Sometimes there are links in the network that are only connected to the hub and if the hub is destroyed, these links are also destroyed. Barabasi uses the example of Paul Baran who is asked to develop a communication system that would survive a nuclear attack to explain the structure that would work best for networks. Baran explains how it is best to have a distributed structure to have a strong internet network, because since there are no hubs, each link is responsible for itself and will survive even if part of the network is destroyed. And even if some nodes were destroyed, alternate paths would remain to connect to all surviving nodes. Applying this to something that I have been learning in one of my other classes, I came to think of country economies. Economies run on government networks and corruption in the government is something that affects the economic growth of a country. As we looked at different countries, we learned that some countries have a positive economic growth rate despite pf the corruption and some of them do not. Why is that? The answer to this is also networks. Some of the corruption networks are centralized – the ones in the East Asian countries like Indonesia, Thailand and Taiwan. And some of them are distributed like the one in India. In a centralized corruption network, the money flows to one main central node and therefore, the briber is assured to get results. In the distributed corruption network, however, since there is no main center, the briber is not sure of getting his results and may have to move to different nodes to find desired outcomes. Therefore, a centralized network works toward helping the economy and a distributed one harms the economy. Even though a distributed network is harmful to the economy, the concept of the strength of distributed networks is still relevant and parallel to Baran’s theory. A centralized network would be really easy to break because as soon as the leader is gone, the network will also be destroyed. The distributed network, however, will keep the network alive because there are many alternative ways to continue the bribery.
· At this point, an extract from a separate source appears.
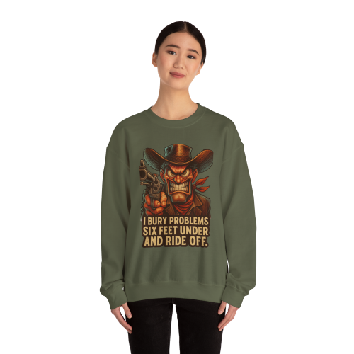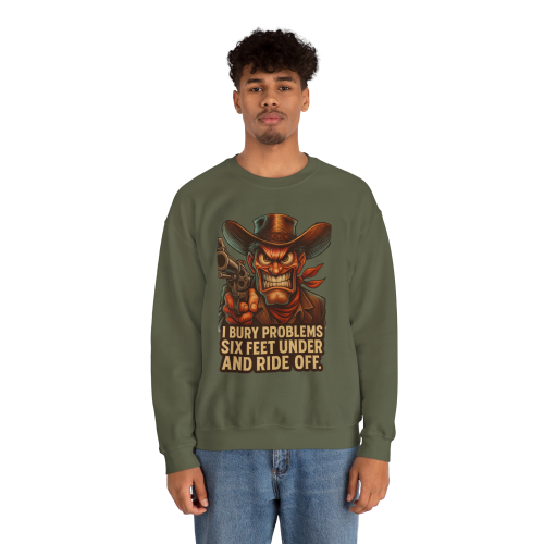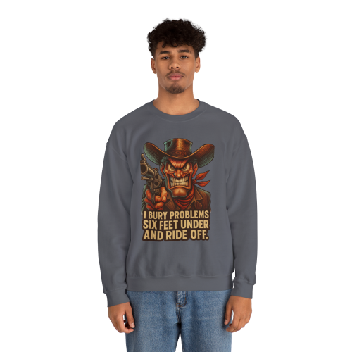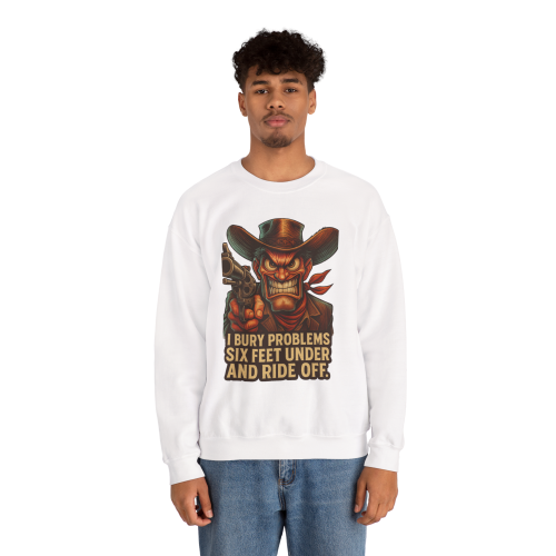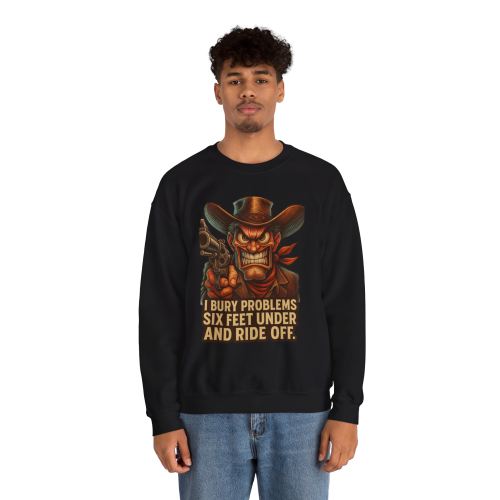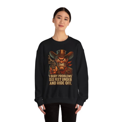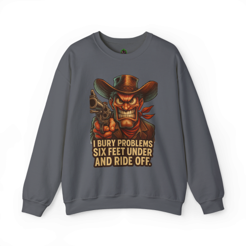 This crewneck sweatshirt delivers outlaw vibes with a punch of dark humor. The design features a fierce, grinning cowboy aiming a revolver straight ahead, paired with the fearless words: “I Bury Problems Six Feet Under and Ride Off.”

By the end of the book, Barabasi emphasizes that the topology of the network can also be altered by different reaction variations along the links of a network. He also emphasizes that these reaction dynamics are what is important to understand social networks. If experience leads to negative convictions about life, then distrust would emerge and therefore, it would alter the topology of networks because of fewer links and therefore may lead to weaker hubs possibly. The opposite would lead to confidence and more links and therefore alter the topology with stronger hubs. This would be something interesting to study as well, but I was just fascinated enough by the network theory and how the most diverse networks are able to relate and cause more networks to emerge.